Я холостяк; вся моя прислуга состоит из лакея и его жены. Я служу в банке и от души желал бы, чтобы мои обязанности в качестве управляющего отделением были и на самом деле столь необременительны, как это принято считать. Из-за них я был вынужден этой осенью остаться в Лондоне, хотя мне настоятельно требовалось переменить обстановку. Болен я не был, но не был и здоров. Пусть мой читатель сам по мере сил представит себе угнетавшее меня чувство безразличия, порожденное однообразием жизни и «некоторым расстройством пищеварения». Мой весьма знаменитый врач заверил меня, что состояние моего здоровья вполне исчерпывается этим диагнозом, который я цитирую по его письму, присланному им в ответ на мою просьбу дать свое заключение, не болен ли я.
По мере того как выяснились обстоятельства этого убийства, оно начинало все больше и больше интересовать публику, — но не меня, ибо, несмотря на всеобщее возбуждение, я предпочитал знать о нем по возможности меньше. Однако мне было известно, что против предполагаемого убийцы выдвинуто обвинение в предумышленном убийстве и что он заключен в Ньюгет, где и ожидает суда. Мне было известно также, что его процесс перенесен на следующую сессию Центрального суда по уголовным делам, ибо общее предубеждение против преступника было слишком велико, а времени для подготовки защиты оставалось недостаточно. Возможно, я слышал также (хотя далеко в этом не уверен), когда именно должна была начаться эта сессия.
Моя гостиная, спальня и гардеробная расположены на одном этаже. В последнюю можно войти только через спальню. Правда, прежде она сообщалась с лестницей, но поперек этой двери уже несколько лет назад были проложены трубы к ванной. Дверь в связи с этими переделками была наглухо заколочена и затянута холстом.
Как-то поздно вечером я стоял в спальне, отдавая последние распоряжения слуге. Лицо мое было обращено к единственной двери, через которую можно попасть в гардеробную, и дверь эта была закрыта. Слуга стоял к ней спиной. Разговаривая с ним, я вдруг заметил, что дверь приоткрылась и из нее выглянул какой-то человек, настойчиво и таинственно поманивший меня к себе. Это был второй из двух мужчин, которых я видел на Пикадилли, — тот, чье лицо напоминало цветом плохо очищенный воск.

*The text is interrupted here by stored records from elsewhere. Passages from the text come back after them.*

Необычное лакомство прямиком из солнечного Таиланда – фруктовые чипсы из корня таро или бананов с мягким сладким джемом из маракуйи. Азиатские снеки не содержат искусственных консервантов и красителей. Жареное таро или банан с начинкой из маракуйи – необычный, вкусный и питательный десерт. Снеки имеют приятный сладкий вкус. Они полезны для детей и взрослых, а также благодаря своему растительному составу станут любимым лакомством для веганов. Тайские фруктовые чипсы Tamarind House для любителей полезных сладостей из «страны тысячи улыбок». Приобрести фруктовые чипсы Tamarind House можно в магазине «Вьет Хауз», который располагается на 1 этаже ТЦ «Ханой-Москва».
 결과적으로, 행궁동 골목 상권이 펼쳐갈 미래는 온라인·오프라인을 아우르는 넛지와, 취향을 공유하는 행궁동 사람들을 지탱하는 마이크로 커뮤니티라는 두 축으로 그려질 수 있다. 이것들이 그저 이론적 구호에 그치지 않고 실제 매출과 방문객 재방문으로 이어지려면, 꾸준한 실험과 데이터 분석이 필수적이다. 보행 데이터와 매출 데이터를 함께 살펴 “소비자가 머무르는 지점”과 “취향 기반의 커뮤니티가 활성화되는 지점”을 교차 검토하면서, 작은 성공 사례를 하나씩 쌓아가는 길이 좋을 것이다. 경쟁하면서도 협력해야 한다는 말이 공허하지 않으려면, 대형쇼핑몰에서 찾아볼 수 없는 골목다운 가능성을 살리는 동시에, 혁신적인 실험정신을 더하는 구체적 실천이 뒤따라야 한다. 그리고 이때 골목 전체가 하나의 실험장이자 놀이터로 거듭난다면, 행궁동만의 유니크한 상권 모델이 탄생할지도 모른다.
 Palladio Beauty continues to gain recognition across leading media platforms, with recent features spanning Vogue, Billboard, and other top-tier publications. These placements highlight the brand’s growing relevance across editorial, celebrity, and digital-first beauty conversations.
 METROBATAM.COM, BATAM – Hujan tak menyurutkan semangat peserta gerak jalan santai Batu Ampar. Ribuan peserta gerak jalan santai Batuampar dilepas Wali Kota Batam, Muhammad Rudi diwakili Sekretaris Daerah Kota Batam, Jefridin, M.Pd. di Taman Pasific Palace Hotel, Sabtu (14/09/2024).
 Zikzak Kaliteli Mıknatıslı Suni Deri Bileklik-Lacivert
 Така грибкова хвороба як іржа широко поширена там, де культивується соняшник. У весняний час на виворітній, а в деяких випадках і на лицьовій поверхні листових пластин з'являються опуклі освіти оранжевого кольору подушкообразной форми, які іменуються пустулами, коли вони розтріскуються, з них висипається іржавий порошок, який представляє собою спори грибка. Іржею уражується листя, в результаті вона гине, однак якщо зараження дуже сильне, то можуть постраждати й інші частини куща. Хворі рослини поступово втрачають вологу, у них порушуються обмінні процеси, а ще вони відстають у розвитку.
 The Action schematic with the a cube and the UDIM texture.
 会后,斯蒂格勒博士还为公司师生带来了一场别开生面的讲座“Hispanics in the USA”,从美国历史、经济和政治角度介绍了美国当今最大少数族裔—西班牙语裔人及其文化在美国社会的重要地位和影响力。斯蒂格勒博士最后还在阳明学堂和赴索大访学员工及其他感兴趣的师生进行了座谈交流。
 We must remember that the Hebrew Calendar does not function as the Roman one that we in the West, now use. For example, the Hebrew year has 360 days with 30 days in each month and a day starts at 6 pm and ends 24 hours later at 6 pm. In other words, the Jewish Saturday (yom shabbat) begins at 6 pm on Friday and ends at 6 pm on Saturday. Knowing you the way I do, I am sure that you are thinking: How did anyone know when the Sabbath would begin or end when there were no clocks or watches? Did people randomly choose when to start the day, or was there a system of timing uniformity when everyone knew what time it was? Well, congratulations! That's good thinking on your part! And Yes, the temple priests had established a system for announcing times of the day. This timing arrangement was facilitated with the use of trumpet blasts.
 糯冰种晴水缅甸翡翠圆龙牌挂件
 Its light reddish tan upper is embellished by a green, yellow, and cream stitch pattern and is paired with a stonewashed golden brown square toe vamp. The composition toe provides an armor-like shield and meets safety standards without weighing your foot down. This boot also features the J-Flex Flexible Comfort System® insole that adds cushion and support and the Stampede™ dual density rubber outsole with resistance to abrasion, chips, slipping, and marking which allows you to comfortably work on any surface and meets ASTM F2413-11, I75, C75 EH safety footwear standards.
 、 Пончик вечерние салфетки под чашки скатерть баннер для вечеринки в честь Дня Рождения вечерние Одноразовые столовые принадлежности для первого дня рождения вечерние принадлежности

Поманив меня, он попятился и закрыл за собой дверь. Ровно через столько секунд, сколько мне потребовалось, чтобы пересечь спальню, я распахнул дверь гардеробной и заглянул туда. В руке я держал зажженную свечу. У меня не было внутреннего убеждения, что я увижу в гардеробной моего неожиданного посетителя, и действительно его там не оказалось.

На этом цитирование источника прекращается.